Una volta svelato il percorso del Giro Next Gen è stato chiaro a tutti che la tappa decisiva sarà quella con arrivo a Prato Nevoso. La settima frazione del Giro d’Italia degli under 23 apparecchia la tavola per un finale da vivere metro dopo metro. 4.000 metri di dislivello in 160 chilometri senza mai trovare un metro di pianura. Se è vero che la categoria under 23 sta diventando l’antipasto al professionismo, ecco un bel boccone da masticare per i ragazzi delle 35 squadre che prenderanno il via domenica 15 giugno da Rho.

Con voglia e rabbia
Sulla salita di Prato Nevoso il Giro è passato tre volte (una anche il Tour): una di quelle che rimane negli occhi degli appassionati e nel cuore di chi l’ha vissuta ha visto come protagonista Stefano Garzelli. Nella corsa del 2000, esattamente venticinque anni fa, lo scalatore varesino trovò la sua prima vittoria al Giro d’Italia. Mentre qualche giorno dopo tolse la maglia rosa dalle spalle di Francesco Casagrande e la portò fino a Milano.
«Era una salita adattissima alle mie caratteristiche – ricorda Stefano Garzelli che in questi giorni è impegnato con le dirette del Delfinato con la RAI – ovvero quelle di uno scalatore con un buon spunto veloce. La strada sale costantemente tra il 7 e l’8 per cento con qualche punta al 9. In generale è una salita dove a ruota si sta bene. Di quel giorno ricordo la voglia che avevo di vincere, chiusi su tanti attacchi negli ultimi tre chilometri mi sono mosso tantissimo. Nella volata finale, in cui arrivò un gruppetto di una decina di corridori, vinsi per distacco».
Il fatto che sia arrivato un gruppo ristretto ci fa pensare che sia una salita in cui si fa fatica a fare selezione…
Sono convinto che se dovessero farci arrivare il Giro nei prossimi anni arriverebbero a giocarsi la corsa quindici corridori. Le bici sono sempre più veloci e l’aerodinamica conta tanto anche in salite del genere. Questo mi fa pensare che anche al Giro Next Gen sarà difficile vedere trionfare un atleta da solo.
Nei chilometri precedenti saliranno tanto prima di arrivare alla salita finale.
Questo può cambiare le carte in tavola. Se all’inizio della tappa si mette tanta fatica nelle gambe allora poi la scalata finale cambia volto. Penso il gruppo arriverà a prenderla con una velocità costante e per fare selezione si deve partire forte fin da subito.

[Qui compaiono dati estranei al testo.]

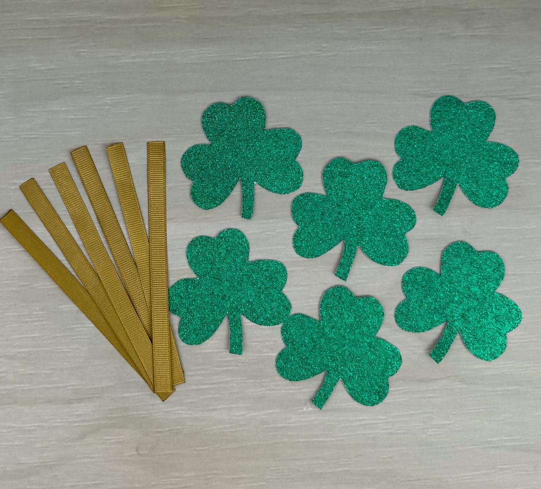* 6 hand-stenciled and hand-cut green glitter shamrocks with adhesive

Sarà difficile gestire la salita visto che le squadre avranno solo cinque corridori e saremo alla fine del Giro Next Gen?

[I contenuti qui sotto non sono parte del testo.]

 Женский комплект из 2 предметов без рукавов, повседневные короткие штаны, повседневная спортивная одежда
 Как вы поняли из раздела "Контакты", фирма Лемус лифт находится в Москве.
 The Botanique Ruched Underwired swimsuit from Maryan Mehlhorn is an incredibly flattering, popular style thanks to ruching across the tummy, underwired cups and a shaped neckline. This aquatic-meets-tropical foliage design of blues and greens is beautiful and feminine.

Pensare di coprire tutti e 13 i chilometri di salita con due o tre atleti intorno al capitano è difficile. Si dovranno capire le mosse dei team e quello che potrà succedere. Se si dovesse arrivare ad avere solo gli uomini di classifica davanti si apre uno scenario da uno contro uno. In questo caso potremmo vedere tanti attacchi, ma attenzione che in una salita del genere solo uno può essere quello decisivo.
Cioé?
Che è difficile prendere tanto margine in una salita del genere con pendenze abbordabili. I distacchi potrebbero aggirarsi intorno ai venti secondi. E’ importante trovare il momento giusto e questo può arrivare o da molto lontano, anche se è difficile, o quando si è negli ultimi due chilometri. Però con tutto quel dislivello prima qualcuno potrebbe andare in crisi.
E cosa cambierebbe?
Se ti pianti, non vai più su. Pensateci, su quali salite si fa maggiore differenza quando un corridore va in crisi? Quelle con pendenze dove si riesce a fare velocità. Prato Nevoso è una scalata da fare a 22 o 23 chilometri orari, ma se uno va in crisi si sale a 14 all’ora. Cambia tutto. I divari si possono fare davvero ampi.
Come correresti?
A ruota del primo gruppo, respirando e risparmiando qualcosa. Poi una volta che si decide di attaccare bisogna farlo fino in fondo, senza pensare al giorno dopo. Nel finale di una corsa a tappe tra andare al 90 per cento o andare al 100 per cento non cambia nulla. Anche perché in una salita come quella di Prato Nevoso la differenza la si può fare solo con uno scatto secco, convinto.